START Dataset content

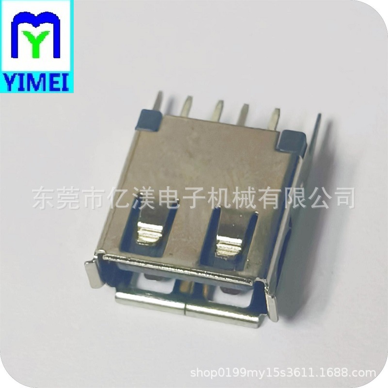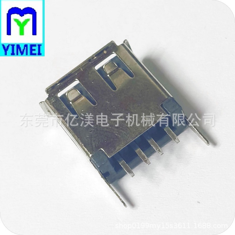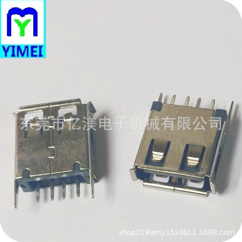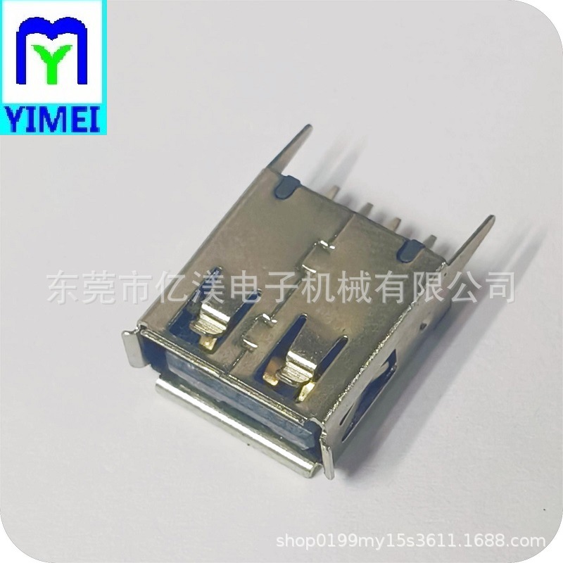 USB2.0连接器 AF母座180度DIP插板式黑胶A母卷边直脚黑胶直插DIP
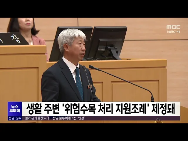 박형대 도의원이 대표발의한 전라남도 생활주변 위험수목 처리지원 조례안이 지난 전남도의회 임시회에서 통과돼 신속하고 체계적인 관리가 가능할 전망입니다.이번 조례안은 태풍, 폭우 등 자연재해로 인해 생활주변 나무가 쓰러지거나 부러져 도민의 생명과 재산에 피해가 발생하는 사례가 반복됨에 따라 위험수목을 체계...
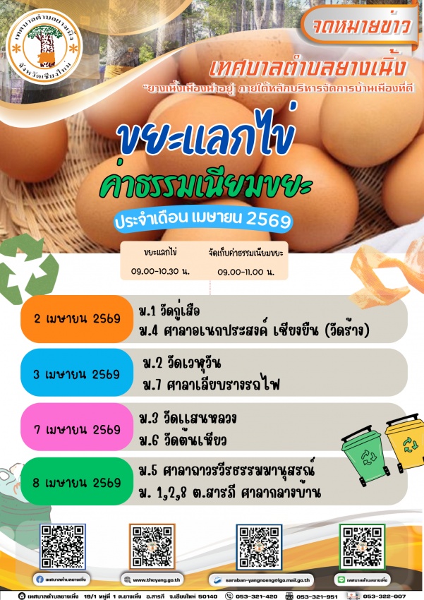 ตารางขยะแลกไข่และจัดเก็บค่าธรรมเนียมขยะประจำเดือนเมษายน 2569

END Dataset content

Problem to work on:
Without any of its images, the data above should be returned exactly.

Solution for this problem:
 USB2.0连接器 AF母座180度DIP插板式黑胶A母卷边直脚黑胶直插DIP
 박형대 도의원이 대표발의한 전라남도 생활주변 위험수목 처리지원 조례안이 지난 전남도의회 임시회에서 통과돼 신속하고 체계적인 관리가 가능할 전망입니다.이번 조례안은 태풍, 폭우 등 자연재해로 인해 생활주변 나무가 쓰러지거나 부러져 도민의 생명과 재산에 피해가 발생하는 사례가 반복됨에 따라 위험수목을 체계...
 ตารางขยะแลกไข่และจัดเก็บค่าธรรมเนียมขยะประจำเดือนเมษายน 2569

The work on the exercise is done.